African governments must regain control of the water sector.

On 28 July 2010, The UN General Assembly adopted resolution 64/292, which declares that clean, safe water is a “fundamental right, essential to the full enjoyment of the right to life and all human rights”The resolution calls on states and international organisations to “provide financial resources, build capacity and transfer technology through international assistance and cooperation, particularly for developing countries”.

Water crises remain a major problem in Cameroon and the Central African sub-region. According to the WHO/UNICEF’s 2019 Joint Monitoring Program report, only 57% of Cameroon’s population have access to drinking water. Poor access to water is not only common in rural areas, where the need is greatest, but also in the capital Yaoundé, where 69% of households face at least four water shortages a month and 51% of water sources (wells and boreholes) exceed WHO’s Nitrate Standard.

In 2018 Cameroon made a great step by renationalizing its water sector after ten years under corporate management and also decided to remove taxes on water billings for all consummation under 20m3.

We are all aware that privatisation entails rate increases, lack of public accountability and transparency, higher operating costs, worse customer service and loss of jobs. In Cameroon, despite water shortages and high bills that made it difficult for the poor to cope, CDE (the private company that managed the water sector) claimed 101 billion CFA (US $19 million) in compensation. The same thing happened to Gabon, where Veolia claimed 65 billion FCFA from the state. Private water operators often claim compensation when operations are re-municipalised or renationalised – a reminder that the best way to avoid the costs of water privatisation and conflicts with the private sector is not to privatise water in the first place.

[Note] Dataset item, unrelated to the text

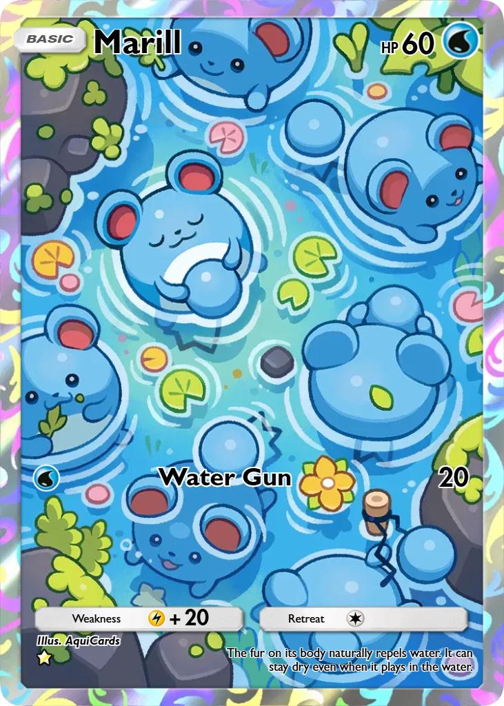 All AquiCards are the same size as official trading cards : 63 × 88 mm.

At the African Center for Advocacy, we know that our governments have the capacity to prioritise their citizens in every decision that is made. That is why we advocate for the safe and sustainable management of water and sanitation services to be accessible to all.

We advocate in collaboration with other NGOs and labour unions like Corporate Accountability and Public Participation (CAPPA), Corporate Accountability (CA), Public Service International (PSI), and Syndicat National Autonome des Travailleurs de l’Énergie, de l’Eau et des mines du Cameroun (SYNATEEC) to keep water in the public domain and to reject any form of water privatization in Cameroon.